:: Task brief ::
Transcribe only the part of the material below that begins at the line containing "繊細なレースアートでお爪が一気に華やかになり、うっとり見とれてしまうほど。" and ends at the line containing "Уголок декоративный алюминиевый", with both kept and images left out.

+++ Records for processing

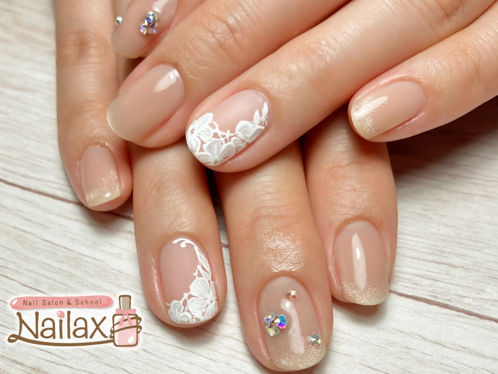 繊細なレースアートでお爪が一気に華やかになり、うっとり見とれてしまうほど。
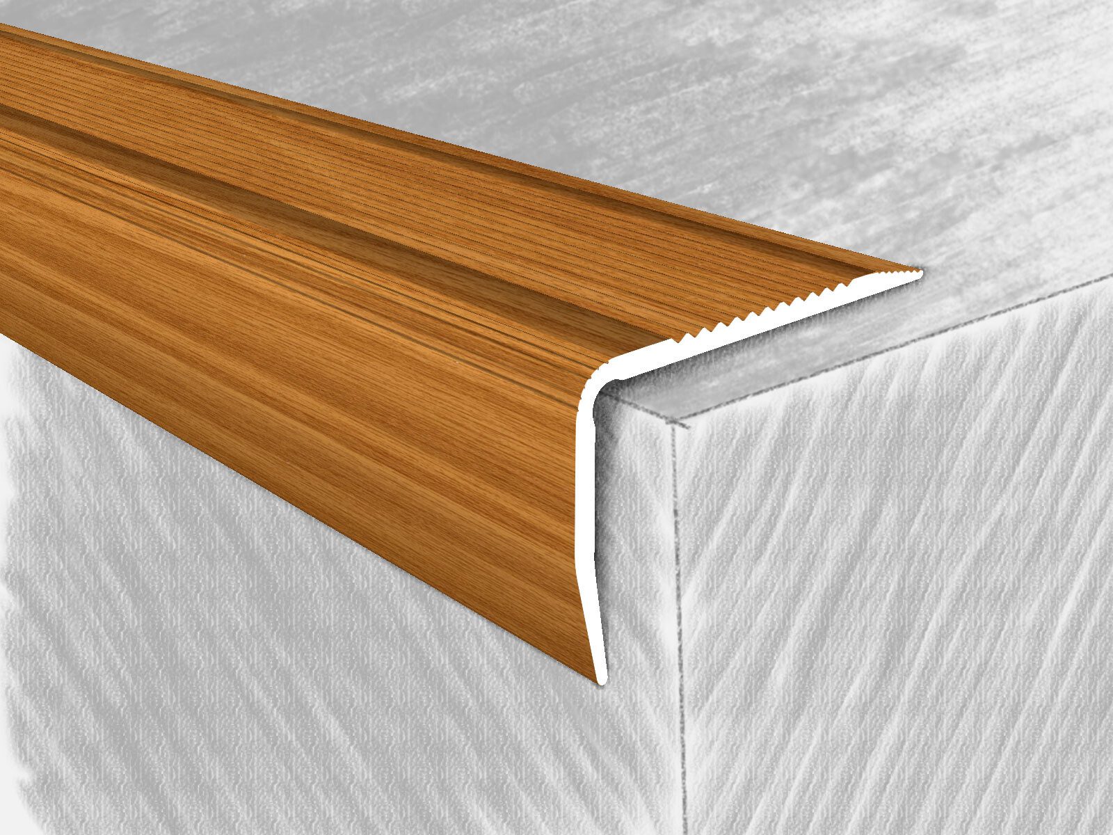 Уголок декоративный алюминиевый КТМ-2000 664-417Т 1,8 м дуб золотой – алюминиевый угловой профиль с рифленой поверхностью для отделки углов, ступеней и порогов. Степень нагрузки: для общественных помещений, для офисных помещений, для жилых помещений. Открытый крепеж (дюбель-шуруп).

++++++
+++ Records for processing

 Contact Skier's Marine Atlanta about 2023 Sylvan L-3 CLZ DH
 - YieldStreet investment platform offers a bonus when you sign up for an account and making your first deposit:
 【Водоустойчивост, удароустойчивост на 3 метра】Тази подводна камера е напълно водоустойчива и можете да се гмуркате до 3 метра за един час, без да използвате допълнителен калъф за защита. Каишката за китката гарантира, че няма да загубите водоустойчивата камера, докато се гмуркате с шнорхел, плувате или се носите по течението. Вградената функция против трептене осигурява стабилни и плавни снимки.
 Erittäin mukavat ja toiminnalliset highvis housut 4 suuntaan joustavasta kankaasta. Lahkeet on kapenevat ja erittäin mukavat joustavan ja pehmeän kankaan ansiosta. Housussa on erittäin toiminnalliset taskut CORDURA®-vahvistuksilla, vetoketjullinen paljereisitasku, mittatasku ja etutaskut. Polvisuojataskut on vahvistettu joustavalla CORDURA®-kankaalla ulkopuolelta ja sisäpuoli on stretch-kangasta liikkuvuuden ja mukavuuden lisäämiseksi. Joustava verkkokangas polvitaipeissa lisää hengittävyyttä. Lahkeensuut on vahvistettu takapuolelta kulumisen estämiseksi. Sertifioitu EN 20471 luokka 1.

++++++

:: Your solution ::
 繊細なレースアートでお爪が一気に華やかになり、うっとり見とれてしまうほど。
 Уголок декоративный алюминиевый КТМ-2000 664-417Т 1,8 м дуб золотой – алюминиевый угловой профиль с рифленой поверхностью для отделки углов, ступеней и порогов. Степень нагрузки: для общественных помещений, для офисных помещений, для жилых помещений. Открытый крепеж (дюбель-шуруп).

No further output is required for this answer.